--- Listed entries ---

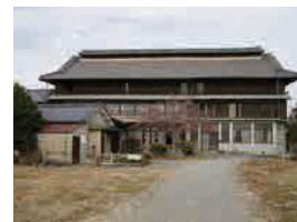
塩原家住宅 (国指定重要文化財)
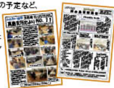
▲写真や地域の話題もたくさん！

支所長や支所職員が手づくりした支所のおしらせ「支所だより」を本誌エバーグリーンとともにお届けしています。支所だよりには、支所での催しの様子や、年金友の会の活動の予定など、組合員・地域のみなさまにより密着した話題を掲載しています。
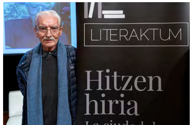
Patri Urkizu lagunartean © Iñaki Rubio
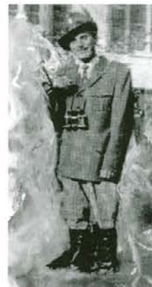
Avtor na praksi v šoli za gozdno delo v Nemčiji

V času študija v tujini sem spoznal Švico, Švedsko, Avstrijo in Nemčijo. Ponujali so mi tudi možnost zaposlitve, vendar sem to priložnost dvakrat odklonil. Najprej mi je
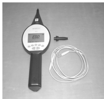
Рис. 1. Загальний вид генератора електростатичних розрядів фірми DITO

---

**What the task asks**
Of the lines above, copy only those from the one holding "支所長や支所職員が手づくりし" to the one holding "V času študija", both included, and exclude every image.

**Answer box**
支所長や支所職員が手づくりした支所のおしらせ「支所だより」を本誌エバーグリーンとともにお届けしています。支所だよりには、支所での催しの様子や、年金友の会の活動の予定など、組合員・地域のみなさまにより密着した話題を掲載しています。
Patri Urkizu lagunartean © Iñaki Rubio
Avtor na praksi v šoli za gozdno delo v Nemčiji

V času študija v tujini sem spoznal Švico, Švedsko, Avstrijo in Nemčijo. Ponujali so mi tudi možnost zaposlitve, vendar sem to priložnost dvakrat odklonil. Najprej mi je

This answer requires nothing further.